TechCrunch’s StrictlyVC evening in Los Angeles late last week brought together two of the more straight-talking investors working in AI right now. They were as entertaining as they were illuminating. And thank God for that. Because in a market that’s moving faster than a teenager’s attention span, we need someone to cut through the bullshit.
“Everyone is lying to you”
The first speaker, a managing partner at a top-tier venture firm, didn’t bother with pleasantries. “Everyone is lying to you,” she said, scanning the room. “Startups, analysts, even your own gut. The only thing you can trust is the data — but even that can be faked if you look at the wrong metrics.” She wasn’t joking. Her firm now runs every pitch through a proprietary model that cross-references founder claims with public filings, hiring data, and social media sentiment. “If someone tells me they have 10,000 users, I want to see their churn rate, their engagement per user, and how many of those users actually pay. Anything less is a bedtime story.”
Her co-panelist, a former engineer turned angel investor, nodded grimly. He told a story about a startup that claimed “explosive growth” in its Series A deck. “I dug into their GitHub. Turns out their ‘explosive growth’ was a bunch of bots pinging their API. Real users? Maybe 200. They’d raised $5 million on a lie.” The room went quiet. Then he shrugged: “That’s the game now. You either do the homework or you lose your shirt.”
“The only thing you can trust is the data — but even that can be faked if you look at the wrong metrics.”
Speed kills — unless you have a system
Everyone talks about speed in AI investing. Deals close in days, not weeks. But both investors agreed: speed without discipline is just gambling. “I see these young VCs bragging about making decisions in 72 hours,” said the managing partner. “I’m like, congratulations, you just bought a lottery ticket. We take three weeks minimum, and we still miss things.”
Her firm uses what she calls a “ladder of conviction” — a four-step process that starts with a cold read of the deck and ends with a full technical audit. “If at any point we find a crack, we pause. We don’t accelerate. The market will still be there next month.” She paused, then added: “Most of the time, the crack is in the founder’s story. They’re selling a vision that doesn’t match reality. And the faster you move, the easier it is to miss that.”
The angel investor chimed in with his own rule: “I never invest in a company where the founder can’t explain their unit economics in one sentence. If they start talking about ‘ecosystems’ or ‘synergies,’ I’m out. That’s code for ‘I don’t know how we make money.’”
The AI hype cycle is real — and dangerous
Both investors were brutally honest about the AI hype cycle. “We’re in the peak of inflated expectations,” said the managing partner. “Every other startup claims to be ‘AI-first.’ Most of them are just using GPT wrappers and calling it innovation.” She warned that the coming correction will be brutal. “A lot of these companies will die. The ones that survive will have real moats — proprietary data, unique hardware, or a distribution advantage. Not just a pretty demo.”
The angel investor was even blunter. “I’ve seen at least 50 startups this year that are basically the same product: a chatbot with a different skin. They’re all racing to the bottom on price. That’s not a business. That’s a hobby.” He advised retail investors to avoid the hype. “If you’re buying AI stocks right now, you’re not investing. You’re speculating. The winners won’t be clear for another three to five years. And by then, most of the current darlings will be dead.”
“If you’re buying AI stocks right now, you’re not investing. You’re speculating.”
What they’re actually betting on
So what do the pros put their money on? The managing partner said she’s focused on infrastructure — the pipes that power AI, not the apps. “We’re betting on compute, data centers, and specialized chips. That’s where the real value is. The application layer is too crowded and too easy to copy.” She also likes companies that solve the “last mile” problem — getting AI out of the lab and into real-world workflows. “Anyone can build a model.

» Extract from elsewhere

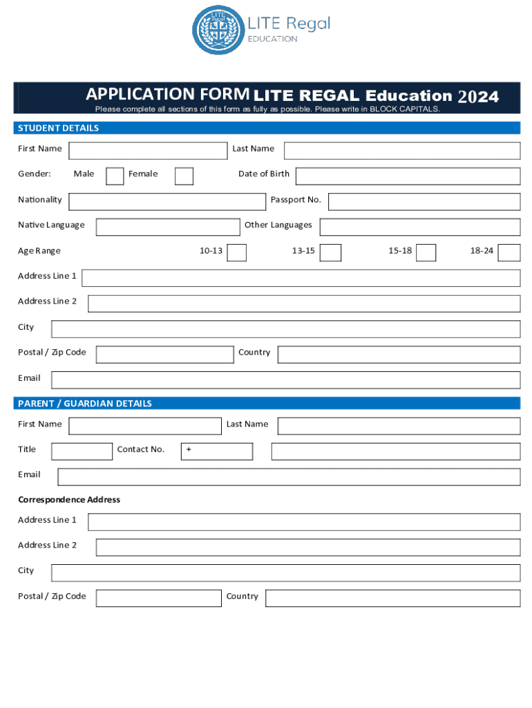 APPLICATION FORM LITE REGAL Education 2024 Please complete all sections of this form as fully as possible. Please write in BLOCK CAPITALS.STUDENT DETAILS First Name Gender:Last Name MaleFemaleDate

The hard part is getting a hospital or a factory to actually use it.”
The angel investor prefers vertical plays. “I’m investing in AI for agriculture, for logistics, for legal. These are industries with deep, messy problems that generic AI can’t solve. You need domain expertise and a willingness to get your hands dirty.” He gave an example: a startup that uses computer vision to detect crop diseases in real-time. “That’s a product with a clear ROI. Farmers will pay for it because it saves them money. Compare that to some consumer chatbot that’s trying to get you to subscribe for $10 a month. Which one do you think has a future?”
The takeaway for normal people
The evening ended with a Q&A. Someone asked: “What should the average person do with their money right now?” The managing partner’s answer was short. “Nothing dramatic. Don’t chase the AI hype. Keep your cash in index funds, maybe allocate a small percentage to venture debt if you’re feeling bold. But the biggest mistake you can make is thinking you need to act fast. You don’t.”
The angel investor agreed. “The best investment you can make right now is in your own education. Learn how these technologies actually work. The people who understand the fundamentals will be the ones who profit. Everyone else will just be noise.”
And with that, they walked off stage. No handshakes, no platitudes. Just two people who’ve seen enough cycles to know that the only thing worse than missing out is getting burned.